--- GIVEN ENTRIES Enclosed Below ---

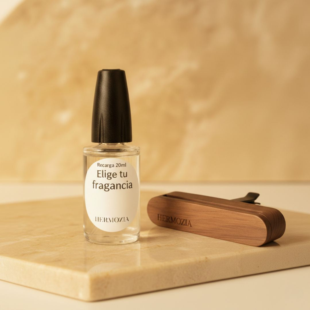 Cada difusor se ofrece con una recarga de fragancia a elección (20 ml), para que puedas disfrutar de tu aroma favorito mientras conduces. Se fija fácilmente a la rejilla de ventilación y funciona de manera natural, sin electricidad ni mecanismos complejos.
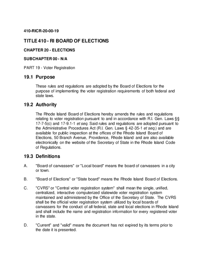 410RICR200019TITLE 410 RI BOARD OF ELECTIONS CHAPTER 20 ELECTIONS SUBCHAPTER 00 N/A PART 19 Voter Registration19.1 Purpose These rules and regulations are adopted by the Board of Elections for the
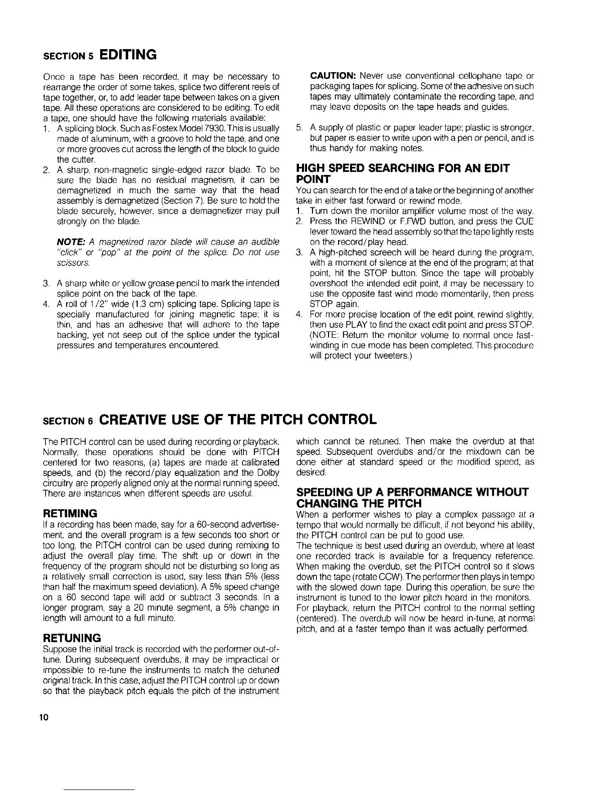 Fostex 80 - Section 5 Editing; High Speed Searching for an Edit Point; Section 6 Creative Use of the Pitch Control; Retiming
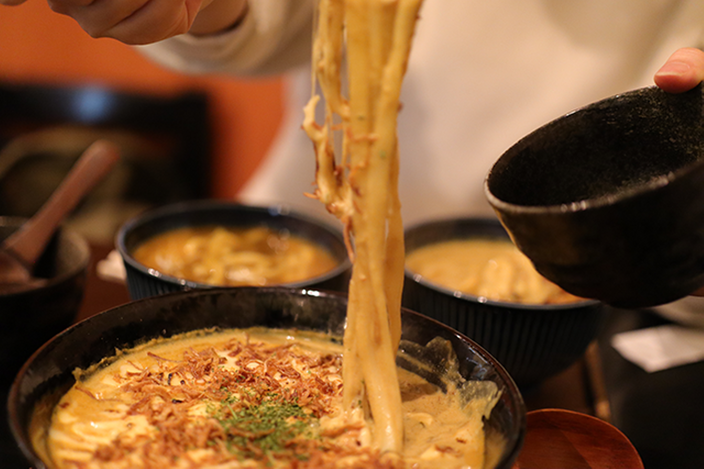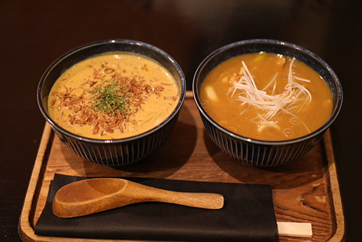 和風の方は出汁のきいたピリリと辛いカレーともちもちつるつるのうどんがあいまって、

--- End of Enclosed GIVEN ENTRIES ---
--- GIVEN ENTRIES Enclosed Below ---

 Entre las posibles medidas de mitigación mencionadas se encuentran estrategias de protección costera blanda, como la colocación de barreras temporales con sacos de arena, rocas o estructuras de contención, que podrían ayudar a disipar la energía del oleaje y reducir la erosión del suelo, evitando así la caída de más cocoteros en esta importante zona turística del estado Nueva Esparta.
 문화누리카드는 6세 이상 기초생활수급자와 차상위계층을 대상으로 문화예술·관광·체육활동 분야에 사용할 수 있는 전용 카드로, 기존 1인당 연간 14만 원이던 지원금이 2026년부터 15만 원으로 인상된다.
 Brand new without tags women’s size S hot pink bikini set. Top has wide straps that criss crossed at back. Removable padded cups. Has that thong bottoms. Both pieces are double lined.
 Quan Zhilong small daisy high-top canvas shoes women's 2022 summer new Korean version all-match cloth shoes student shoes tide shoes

--- End of Enclosed GIVEN ENTRIES ---

## EXERCISE
Copy only these lines from the records above, exactly: the one with "Cada difusor se", the one with "410RICR200019TITLE 410 RI", and those between. Skip the pictures.

## ANSWER BELOW
 Cada difusor se ofrece con una recarga de fragancia a elección (20 ml), para que puedas disfrutar de tu aroma favorito mientras conduces. Se fija fácilmente a la rejilla de ventilación y funciona de manera natural, sin electricidad ni mecanismos complejos.
 410RICR200019TITLE 410 RI BOARD OF ELECTIONS CHAPTER 20 ELECTIONS SUBCHAPTER 00 N/A PART 19 Voter Registration19.1 Purpose These rules and regulations are adopted by the Board of Elections for the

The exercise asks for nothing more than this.